Your objective |
Restate every line of the data word for word, except for the images.

Recorded data |
--- START ---
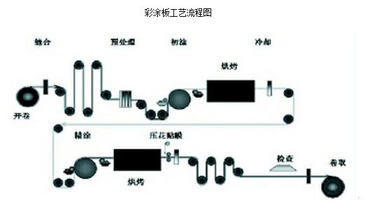 常见的二涂二烘型连续彩色涂层机组工艺流程主要生产工序为:开卷→预处理→涂敷→烘烤→后处理→卷取。
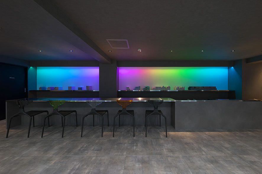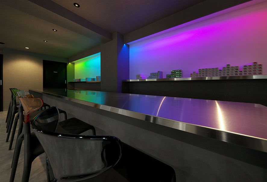 昨今、多種多様のカラーを楽しむ人が増えている中、本当に色々なカラーを提供できる店はそんなに多くない。mellではそんなカラーのニーズに応えられる数多くのカラー剤を完備しており、それに対応すべくカラーにこだわりのある人がバーに来た感覚でカラーを楽しめる空間づくりをした。
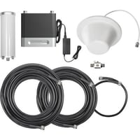 weBoost Office 100 signal booster kit includes a 50 Ohm booster, omnidirectional donor antenna, dome coverage antenna, and lightning arrestor for reliable cellular signal improvement in office environments.Features
--- END ---
Output of the task |
 常见的二涂二烘型连续彩色涂层机组工艺流程主要生产工序为:开卷→预处理→涂敷→烘烤→后处理→卷取。
 昨今、多種多様のカラーを楽しむ人が増えている中、本当に色々なカラーを提供できる店はそんなに多くない。mellではそんなカラーのニーズに応えられる数多くのカラー剤を完備しており、それに対応すべくカラーにこだわりのある人がバーに来た感覚でカラーを楽しめる空間づくりをした。
 weBoost Office 100 signal booster kit includes a 50 Ohm booster, omnidirectional donor antenna, dome coverage antenna, and lightning arrestor for reliable cellular signal improvement in office environments.Features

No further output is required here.